● Your instructions:
With the pictures left aside, write out exactly the lines of the listing below from the line with "J’ai vu un gars" to the line with "Verzameling boeken en", both included, and only those.

● Exercise data:
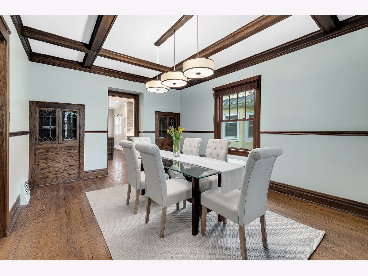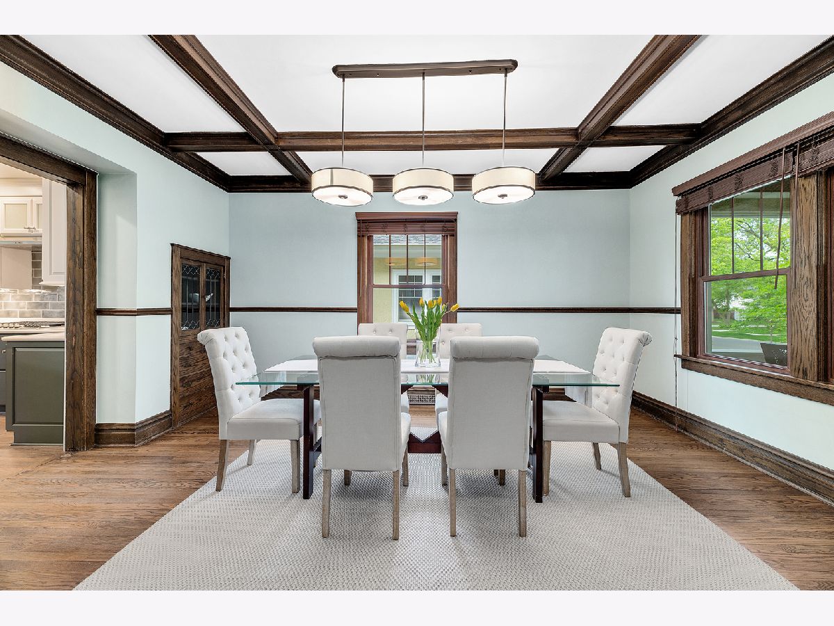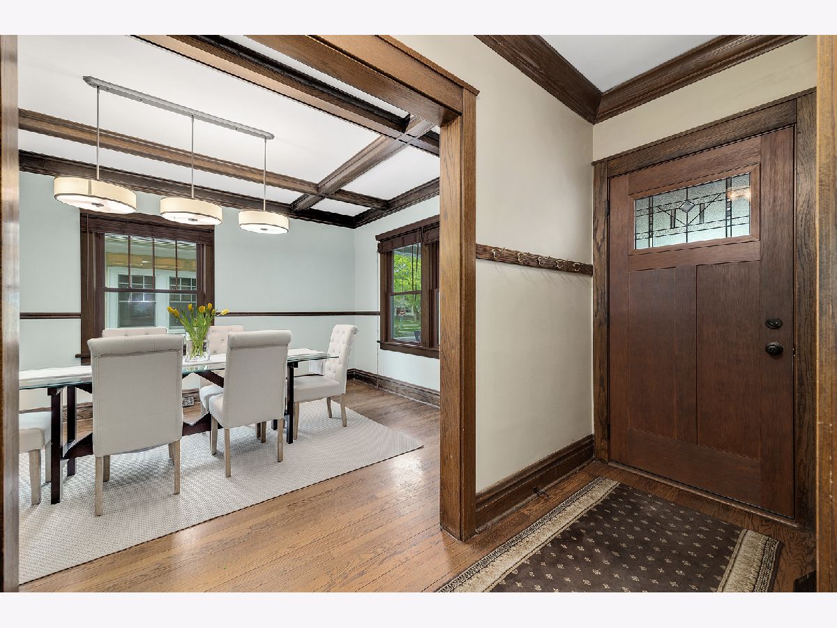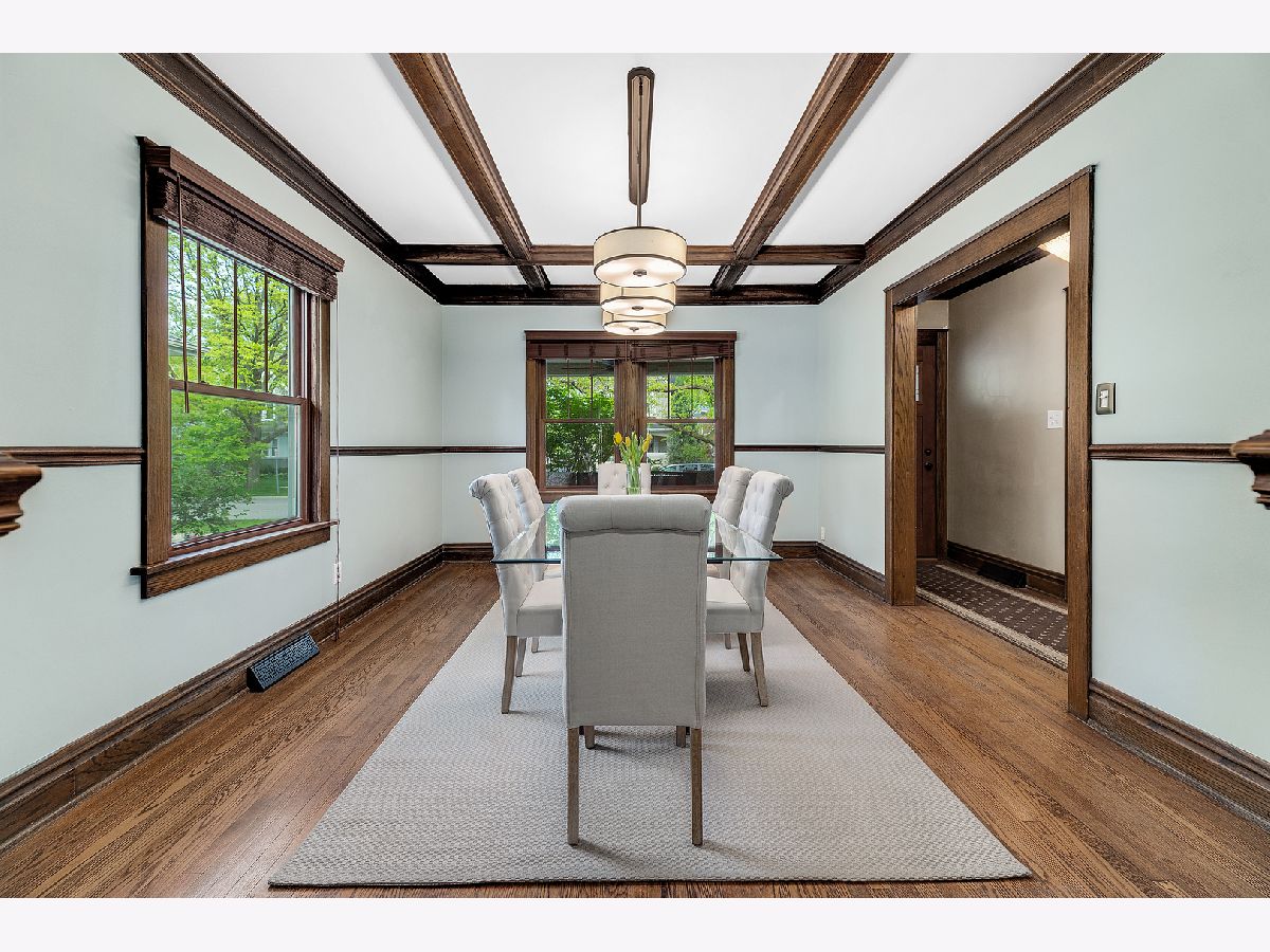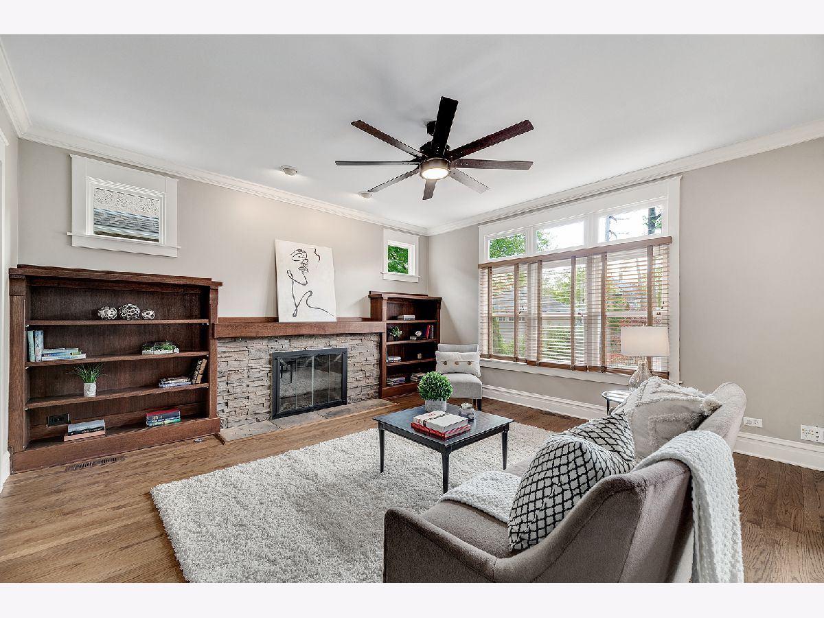 Exceptionally maintained Craftsman style bungalow in the heart of La Grange Park's sought after Harding Woods neighborhood! Walking distance to award winning Ogden Elementary, Park Jr High & Lyons Township High School. Stroll to downtown La Grange's shops, movie theater, restaurants and commuter train station. Easy access to both airports, expressways, parks and Salt Creek bike/walking path. This home offers an efficient floor plan with hardwood floors, original and custom milled woodwork, designer light fixtures, new ceiling fans and warm paint colors throughout. The wonderful covered front porch offers additional outdoor entertaining space throughout the year. Grand foyer with wide staircase to the second floor, formal living room and dining room with gorgeous coffered ceiling and two built-in china cabinets with leaded glass doors. "Must-see" Chef's kitchen features tinted glass accent cabinets, commercial grade appliances and a gorgeous center island breakfast bar. The first floor family room off the kitchen with inviting fireplace and built-in bookshelves offers amazing views of the back yard. Newly constructed first floor office and mud room. Four spacious second floor bedrooms including primary bedroom suite with en-suite bath equipped with soaking tub, walk-in shower, double vanity and two walk-in closets. Finished basement with tons of additional living space including rec room, play room, potential office/5th bedroom, two cedar lined closets and a new walk-in pantry at the base of the stairs. Beautiful mature landscaping with flowering trees and perennials, backyard paver patio, raised planter beds for vegetable garden, fully fenced yard and 2 1/2 car garage. Lennox furnace and Lennox a/c unit ('20), hot water heater ('12), washer, dryer and dishwasher ('20) and all other appliances 2017. Nothing to do but move in and enjoy this fabulous home.
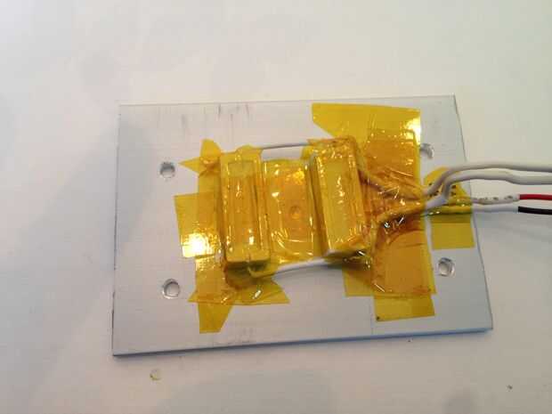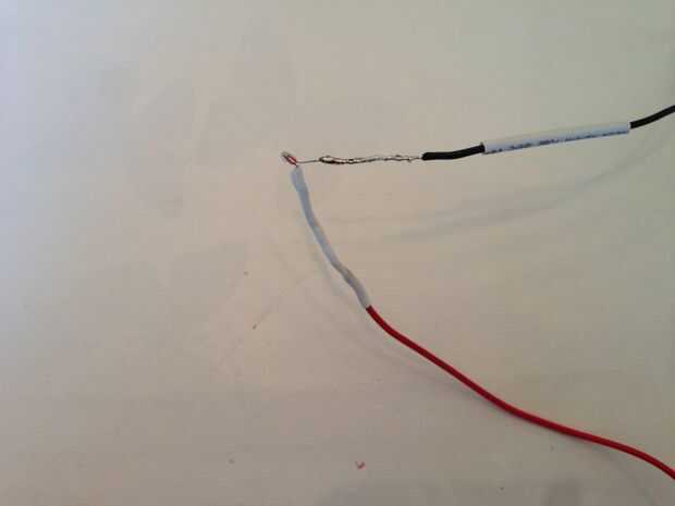 Fila hasta mutuamente, poner algunos termoencogibles en las "patas" expuestas entre los dos - para evitar cortocircuitos si tocaron la cama calentada. Luego envuelve las piernas superpuestas alrededor de la otra y los soldados juntos.
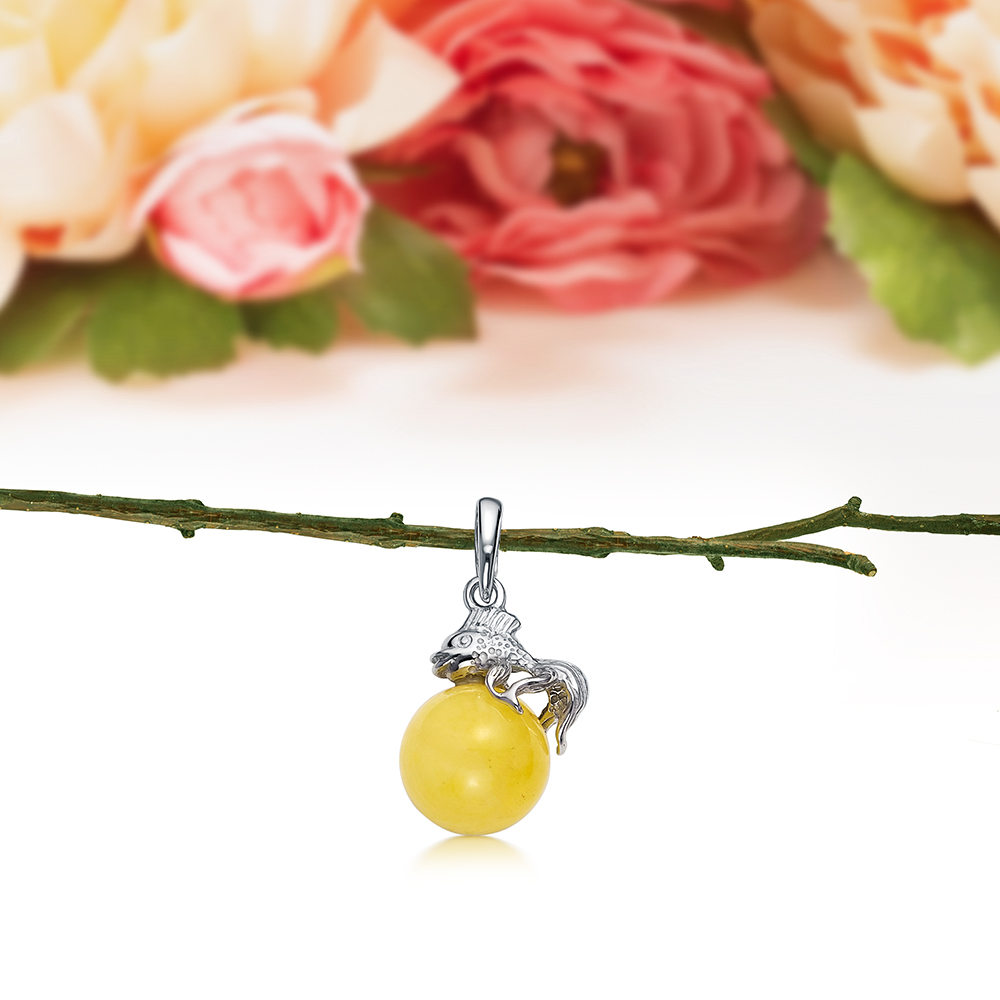 Кулон "Рыбка" из серебра с лимонным балтийским янтарем
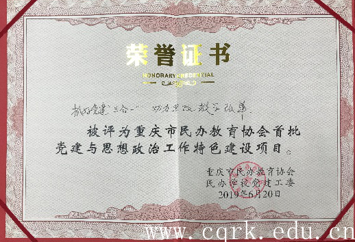 在新中国建立70周年之际,经过重庆市民办教育协会专家评选,beat365被重庆市民办教育协会授予“党的建设学习基地”称号,校党委申报的《抓实“主题党日”活动 强化党员教育管理》、管理学院党总支申报的《课程思政深化雨 协同育人润无声》、马克思主义学院直属党支部申报的《抓好党建“三合一”助力思政教学改革》,成功入选“重庆市民办教育协会首批党的建设与思想政治工作特色建设项目”。
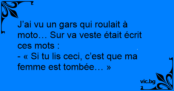 J’ai vu un gars qui roulait à moto… Sur va veste était écrit ces mots :
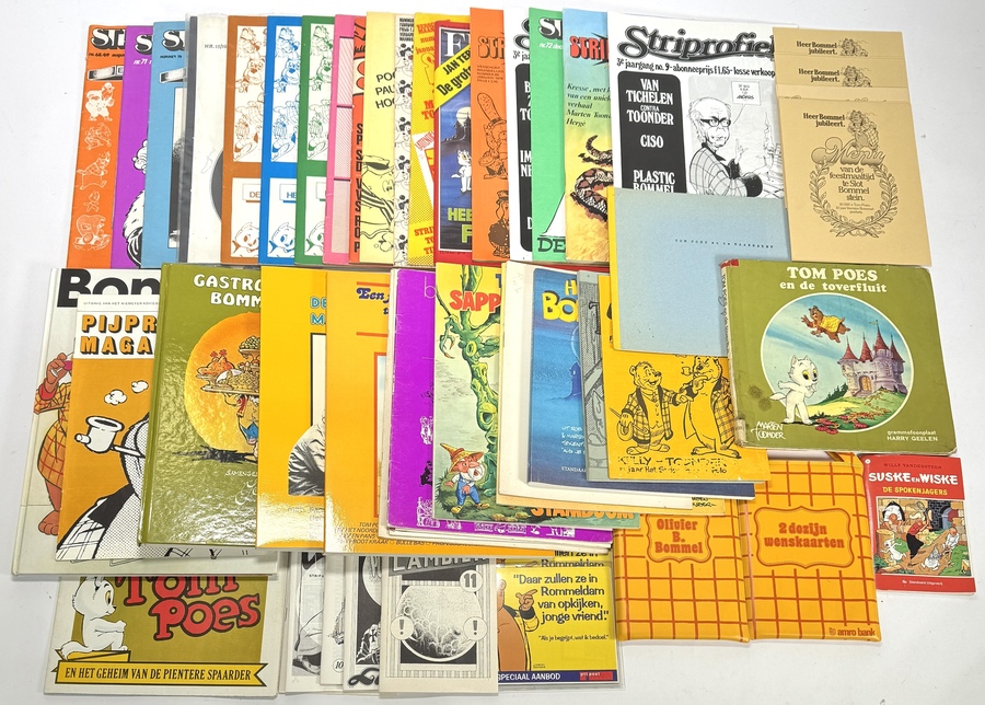 Verzameling boeken en tijdschriften rond Marten Toonder (1912–2005) en zijn Toonder-studio’s met o.a. Tom Poes, Heer Bommel, Gastronomisch Bommelboek en publicaties uit het Tom Poes Weekblad, vervaardigd tussen 1947 en 1990 in Nederland. Gedrukt in offsettechniek op papier en karton, deels door uitgeverijen De Bezige Bij en Personalia.
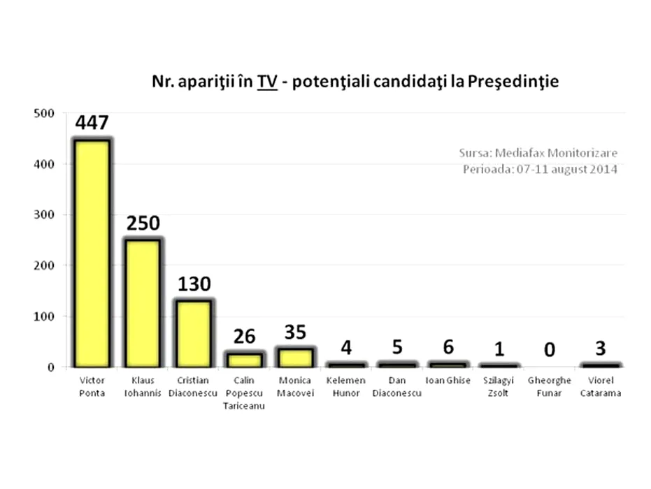 Analiză Mediafax Monitorizare: Ponta conduce detașat topul aparițiilor în media, urmat de Iohannis și Diaconescu

● Response to this task:
 J’ai vu un gars qui roulait à moto… Sur va veste était écrit ces mots :
 Verzameling boeken en tijdschriften rond Marten Toonder (1912–2005) en zijn Toonder-studio’s met o.a. Tom Poes, Heer Bommel, Gastronomisch Bommelboek en publicaties uit het Tom Poes Weekblad, vervaardigd tussen 1947 en 1990 in Nederland. Gedrukt in offsettechniek op papier en karton, deels door uitgeverijen De Bezige Bij en Personalia.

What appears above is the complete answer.